The drilling operations were carried out at two sites in the Shikoku Basin, the back-arc basin of the Izu-Bonin volcanic chain where the Philippine Sea Plate dives down into the Nankai Trough at a rate of about 4 cm per year. At the first site C0011, scientists began coring from a depth of 340 meters below the seafloor. The coring, however, had to be abandoned at a depth of 881 meters because of damage of the drill bit. At the second site C0012, coring was carried out from depths 60 meters to 576 meters below the seafloor, and successfully collected the targeted sedimentary and basement rock samples.

Dr. Michael Underwood, professor at University of Missouri, USA, and co-Chief Scientists of the expedition said, "We identified an interface of Miocene sediment and basement rock around 540 meters beneath the seafloor and successfully sampled basaltic pillow lava rocks that make up the basement." He added "These sedimentary and volcanic rocks in the lower part of Shikoku Basin are key intervals for generating large earthquake slip after they are transported to the seismogenic zone. Studying their petrological, geotechnical, frictional and hydrogeological properties prior to subduction is expected to contribute significantly to the understanding of rupture dynamics in the seismogenic zone."

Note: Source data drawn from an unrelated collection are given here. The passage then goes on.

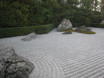 入口には陰陽の石庭、史跡名勝枯山水 元信の庭、余香苑
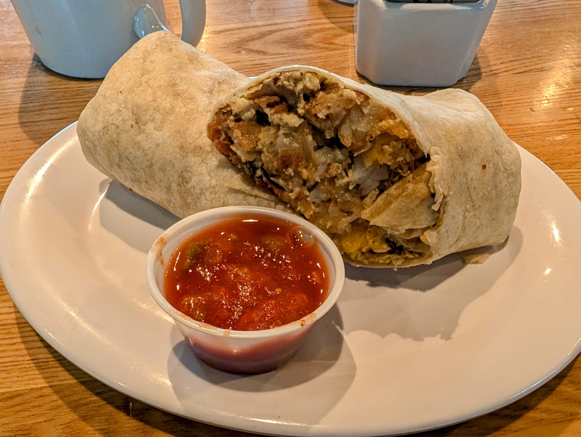 The menu is mostly focused on lunch time food, but they have a few breakfast items. I had the breakfast burrito with bacon. Many of their items feature tater tots, but not this one. I also got black coffee.
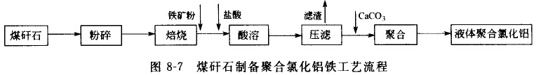 用煤矸石制備聚合氰化鋁鐵主要是利用煤矸石中的Al2O3、Fe2O3(Fe2O3含量低時(shí)需外加一定量的鐵礦石)與鹽酸反應(yīng)生成AlCl3和FeCl3,然后再通過聚合反應(yīng)制取聚合氯化鋁鐵,其工藝流程如圖8-7所示。
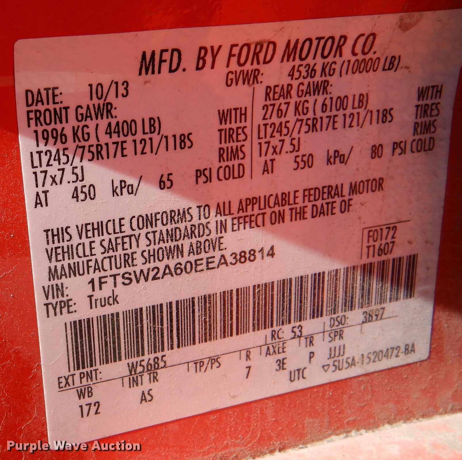 2014 Ford F250 Super Duty XL Crew Cab utility bed pickup truck. Miles: 247,309 on odometer, VIN: 1FTSW2A60EEA38814, KDOT ID: 163-2014. Engine Displacement: 6.2L V8 OHV 16V, Cylinders: 8, Fuel type: Gas. Transmission Automatic. Interior AC, Heat, Cruise control. Operational Utility bed Knapheide 796LPJ, 8' L x 78" W, Weatherguard fuel tank GPI MD130 fuel meter, GPI pump, Traffic-Manager arrow board. Tires Size: 245/75R17. Notes Unknown operating condition of arrow board, Windshield chipped or cracked, Dead battery, Non-operational transmission. Kansas title. Titles will be distributed after confirmation of payment and removal. Kansas Department of Transportation - Salina. 1006 North 3rd. Salina, KS 67401
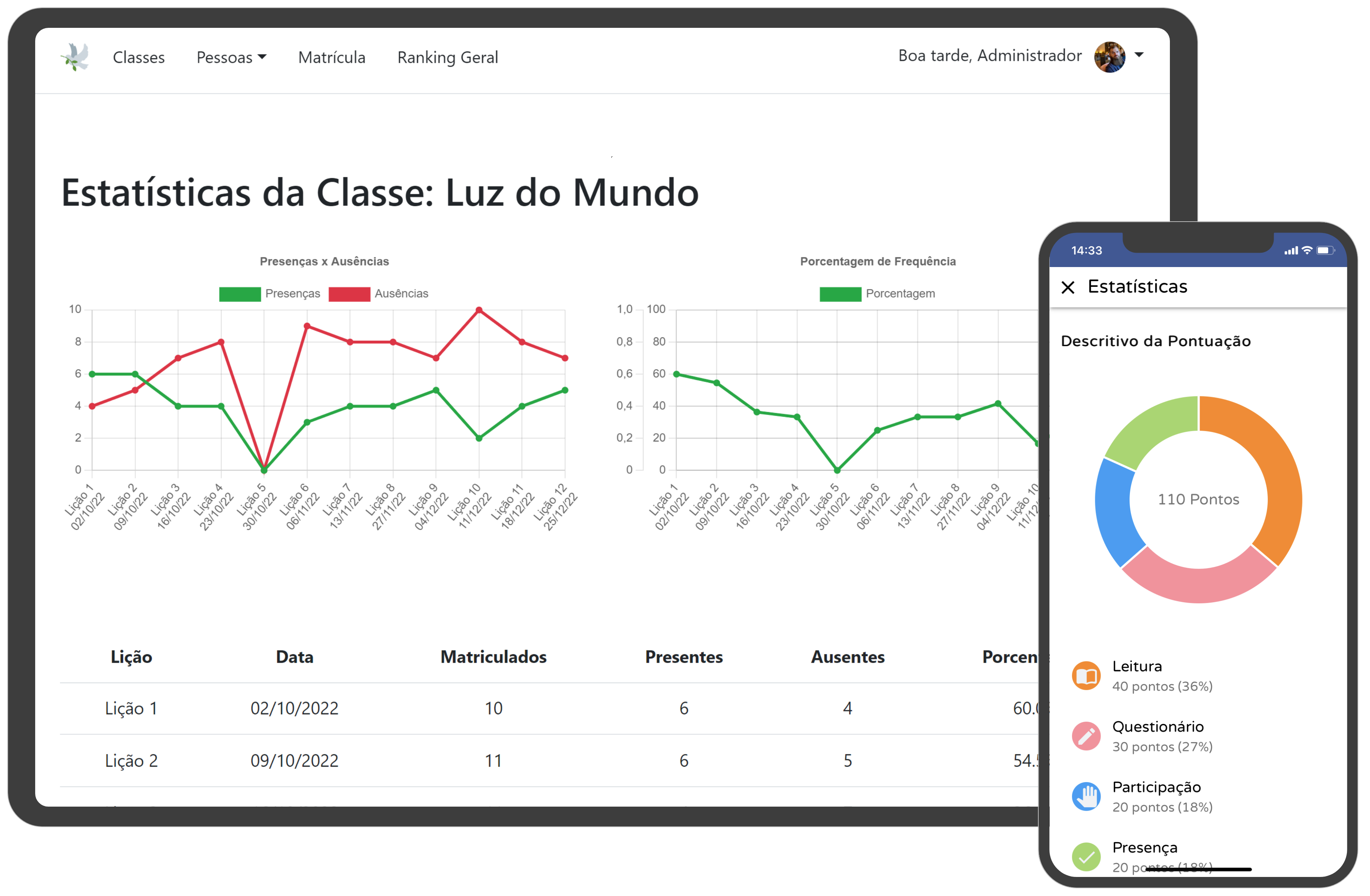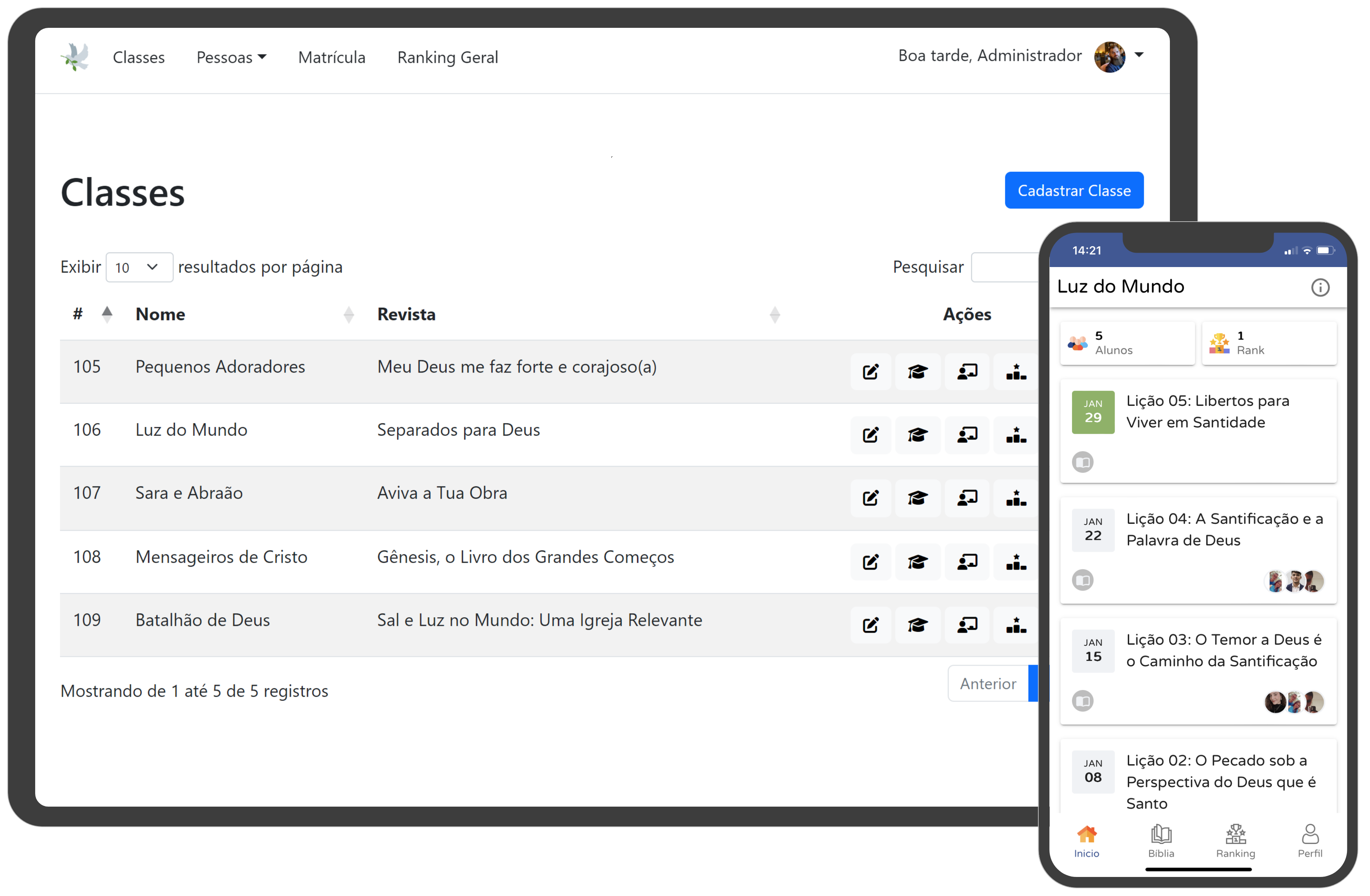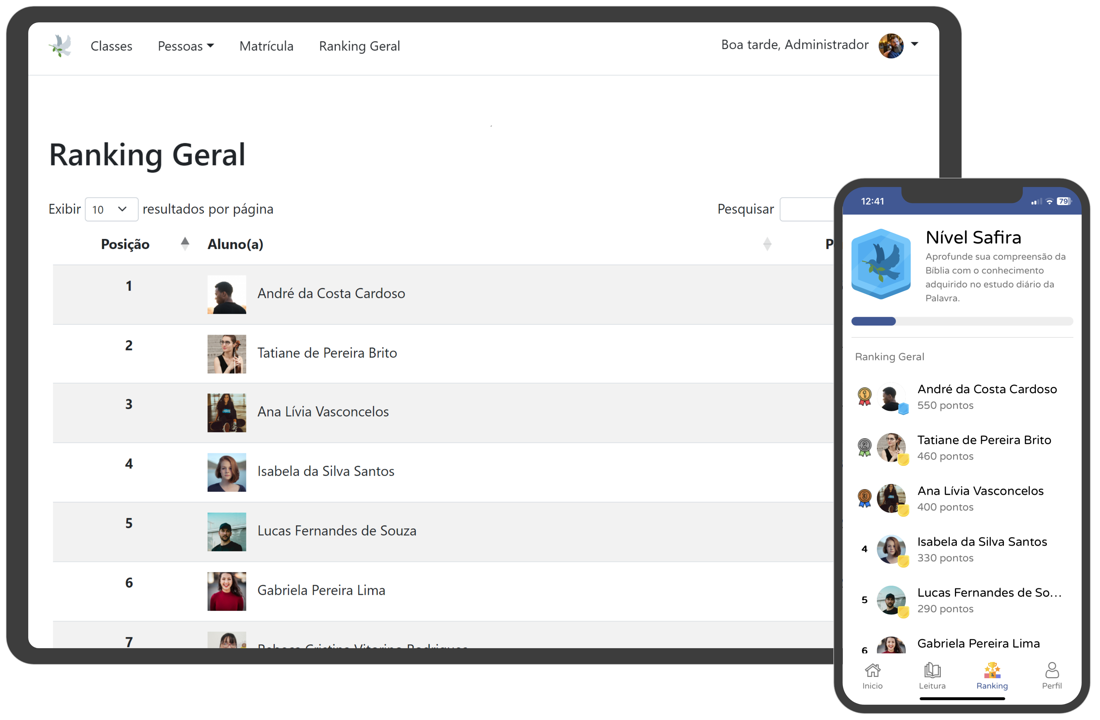 Uma solução completa para escolas de ensino bíblico que buscam engajar seus alunos e ter um gerenciamento online e eficiente, acompanhando o desenvolvimento de alunos e professores em tempo real. Como bônus, economize com pranchetas e papéis.
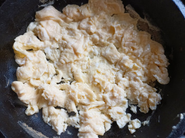 На сковороде разогрейте растительное масло. Вылейте на сковороду взбитые яйца, и активно помешивая, обжарьте на умеренном огне до готовности. Яичная масса будет похожа на хлопья. О том, как подобрать идеальную сковороду, а также как правильно выбрать масло для жарки, читайте в отдельных статьях, ссылки в конце рецепта.
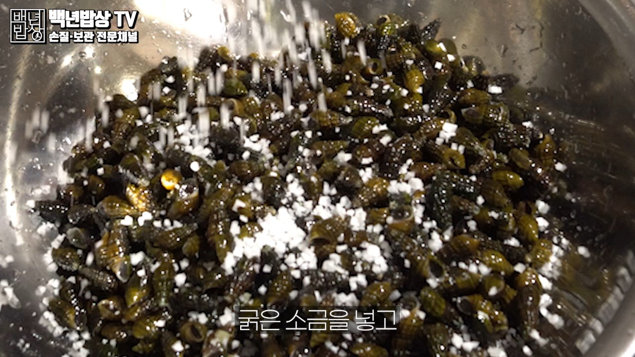 볼에 다슬기가 잠길 만큼 수돗물을 부어 3시간 정도 해감을 시켜 주세요. 해감을 시킨 후에 굵은 소금을 넣고 한 번 더 박박 문질러 헹궈 줍니다. (굵은 소금을 넣으면 비린내도 줄여 줍니다.)

The science party included 26 onboard research specialists from international member countries. "Scientists observed, measured and analyzed geological samples by day and night working shifts in the onboard laboratories," said Dr. Saneatsu Saito from JAMSTEC who led research activities as another co-Chief Scientist.. He explained the importance of the variety of data obtained, "The sand-rich volcanic sediments were confirmed in large quantity and may have been transported from the easterly located Izu-Bonin Arc about 5 to 11 million years ago. Other sandstones contain abundant minerals derived from land, implying the extensive supply of sand to the Shikoku Basin from the Japanese islands." Prof. Underwood added, "Analysis of pore water and hydrocarbon gases retrieved from the sedimentary layers above the basement indicates multiple sources and migration paths of fluids. These results have important implications for understanding the properties of fluids within the seismogenic zone."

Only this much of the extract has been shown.